Ethical Approaches to Bridging the Gap Between Applied Behavior Analysis and Other Interdisciplinary Approaches

Domain: Service Delivery
AMY RACHEL BUKSZPAN (Services for the Underserved ), James G. O'Brien (Services for the Underserved ), Vivian A. Attanasio (Services for the Underserved )

Often times, Board Certified Behavior Analysts (BCBAs) are asked to treat adults with both behavioral and medical complications. These BCBAs work within interdisciplinary teams that include medical practitioners, psychiatrists, and a smorgasbord of other professionals. The work of these teams is subject to significant organizational pressures and regulatory constraints. Working within such settings can pressure BCBAs to act beyond the purview of their certifications, and complicate the implementation of effective and sustainable treatment. The presenter will discuss a specific case of the ethical concerns faced by a BCBA working under such conditions. This BCBA served an individual in a residential setting with developmental disabilities, comorbid psychiatric diagnoses, and severe medical conditions. The discussion will cover the implementation of interventions while minimizing personal rights restrictions, evaluating appropriate treatment strategies, and working alongside professionals from other disciplines who have different sets of clinical objectives and ethical requirements. Strategies for navigating these interactions will be discussed.


How to Engage in Ethical Practice When One's Supervisor or Agency is Unethical

Domain: Service Delivery
TERESA CAMILLE KOLU (Cusp Emergence), Ken Winn (Firefly Autism)

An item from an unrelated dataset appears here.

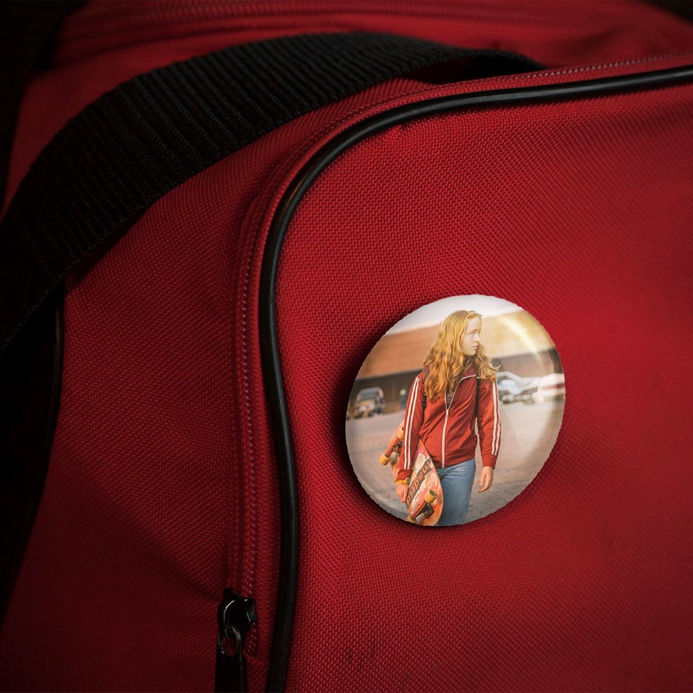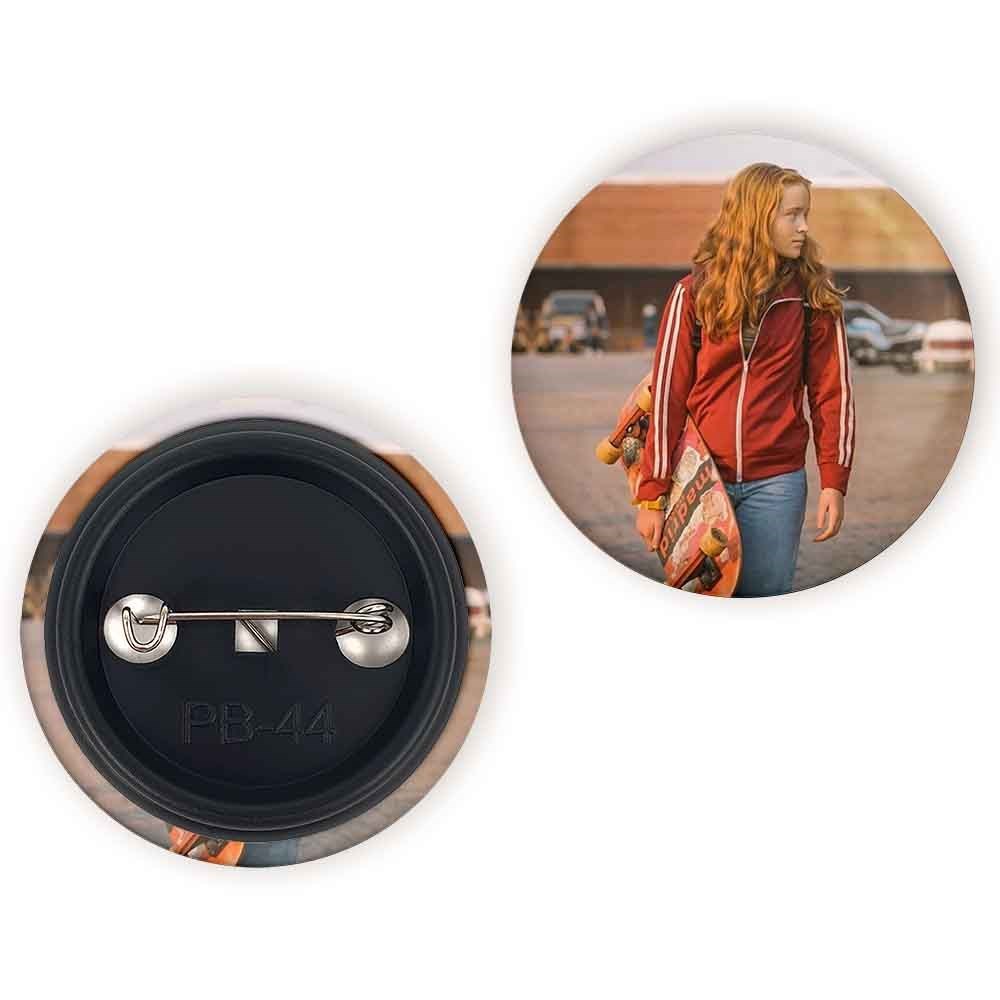 پیکسل 44 میلی متری مکس سریال استرنجر تینگز Stranger Things خندالو با روکش سلفون حرارتی مات مخملی ضدخش و قطعه پشتی رنگی تولید شده است.پلاستیکی پشت پیکسل با سوزن یک تکه ثابت و بدون لغزش و جا به جایی، ایستایی بسیار بهتری نسبت به پشتی فلزی پیکسل دارند که این مهم در تولید این محصول نیز رعایت شده است.
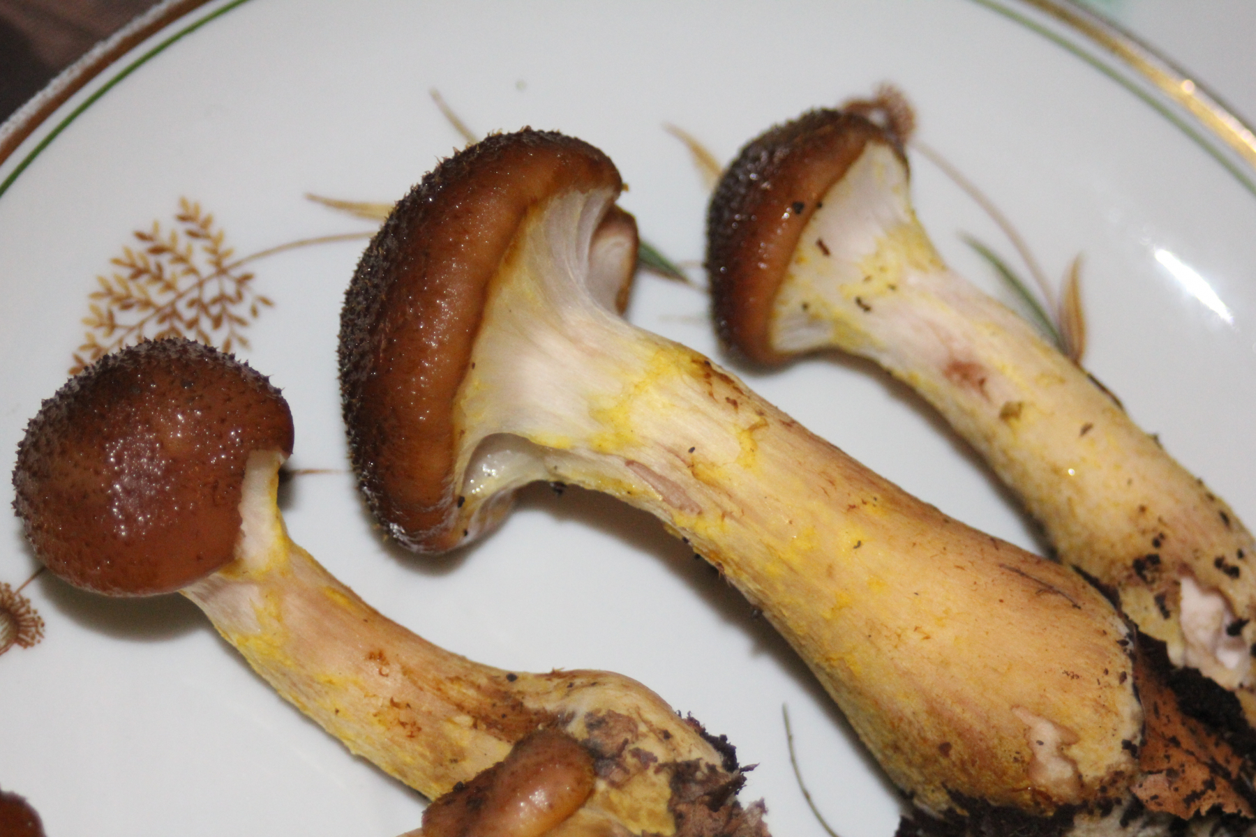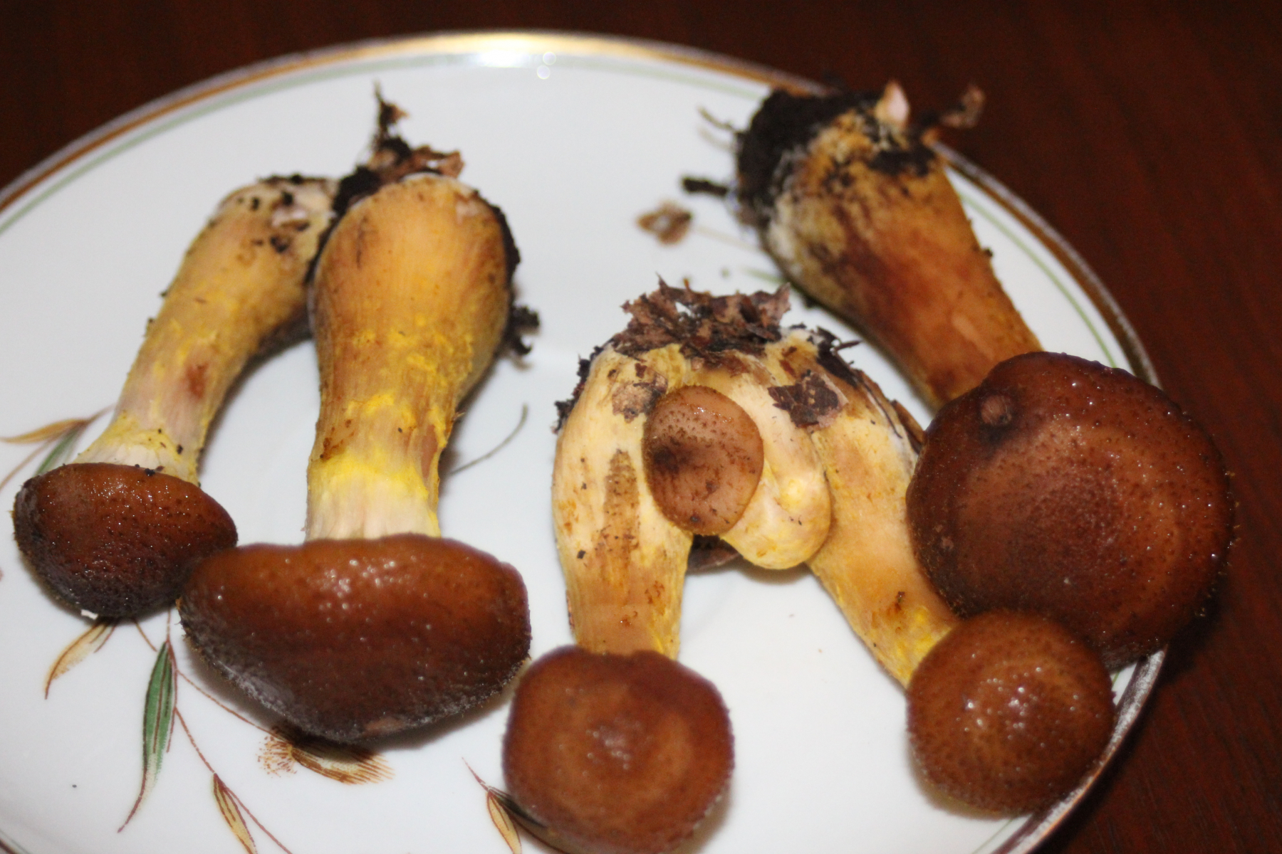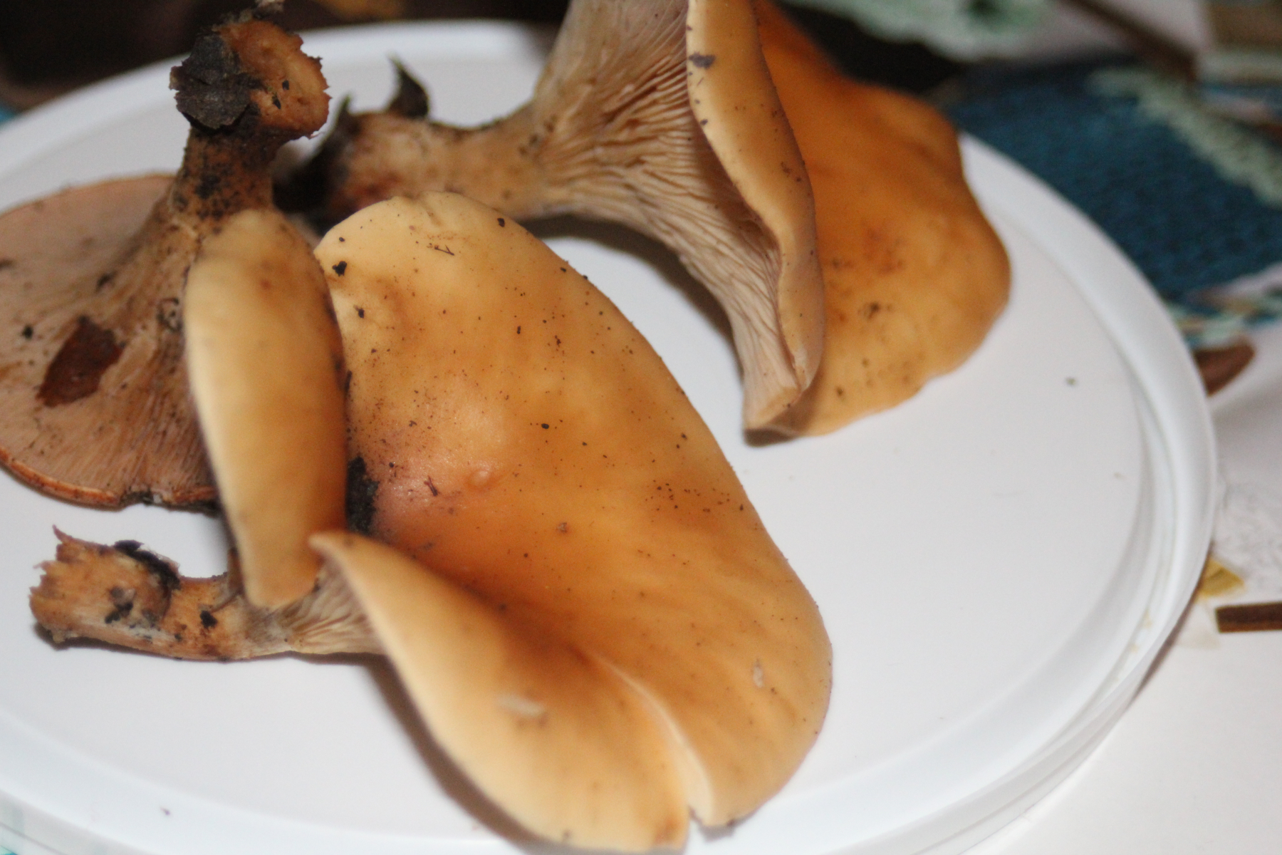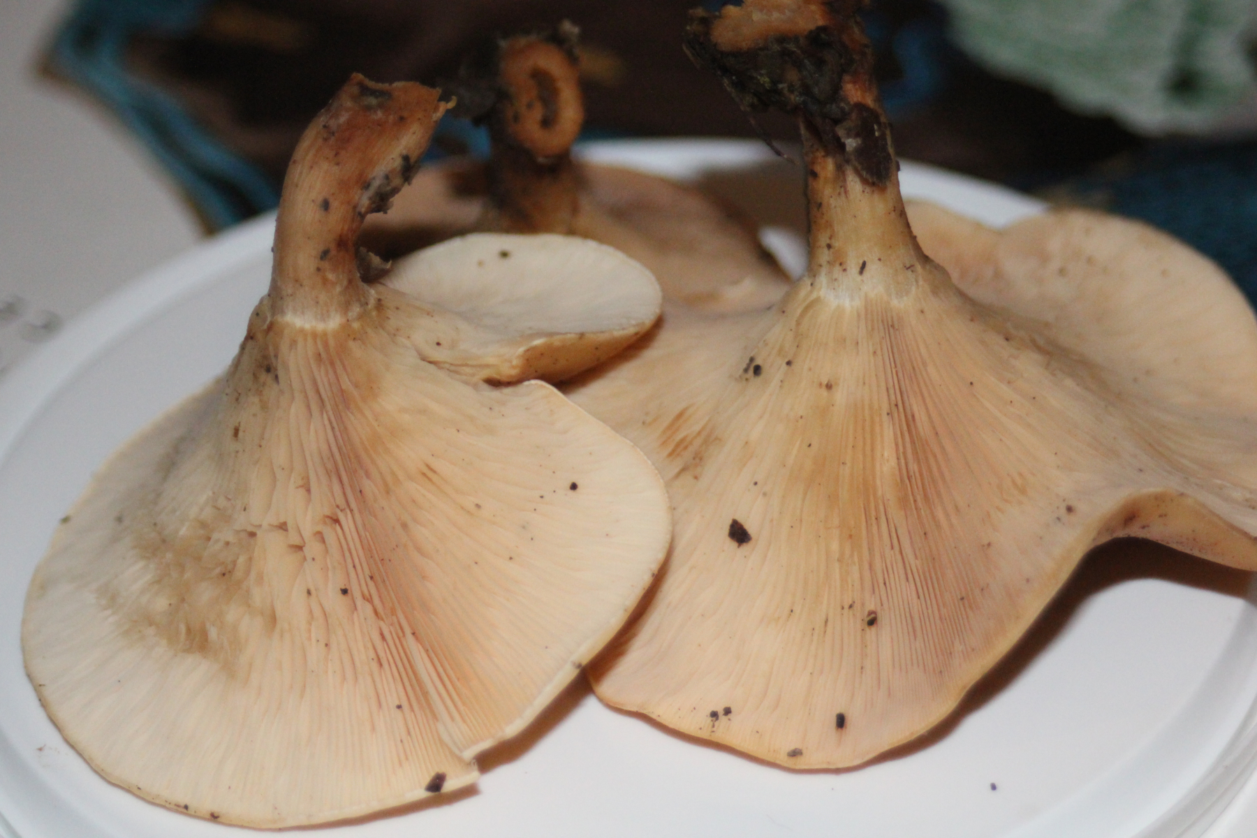 1) Dieser Pilz wuchs in einer Gruppe, die meisten standen eng beieinander zuzweit-zudritt, aber einige auch einzeln.

The title of this talk reflects one of many prevalent, alarming, and real life student-generated scenarios provided to the author and instructor during a certification-board approved online course sequence in behavior analysis. Recent growth in online programs reflects an influx of non-behavior analysts to the field hired, in many cases, faster than certification (and training) programs can keep up. In the wake of fluctuating funding streams and new legislation, how can the community of behavior analysts plan to protect against ethical drift and prepare for new challenges? In order to explore this growing concern, we will review issues from the past 5 years of practice in diverse settings in Colorado, a state relatively new to behavior analysis and to insurance-mandated behavior analysis. Case studies and sets of potential solutions will be presented from several distinct practice contexts, including: Instructing new behavior analysis students with varying previous experiences and advanced degrees; supervision in clinical settings new to behavior analysis; and community behavior analysis settings supporting learners with autism, developmental disabilities, or needs addressed by state-reimbursed early intervention programs. Some implications are discussed for each area of practice, ending with a call to action.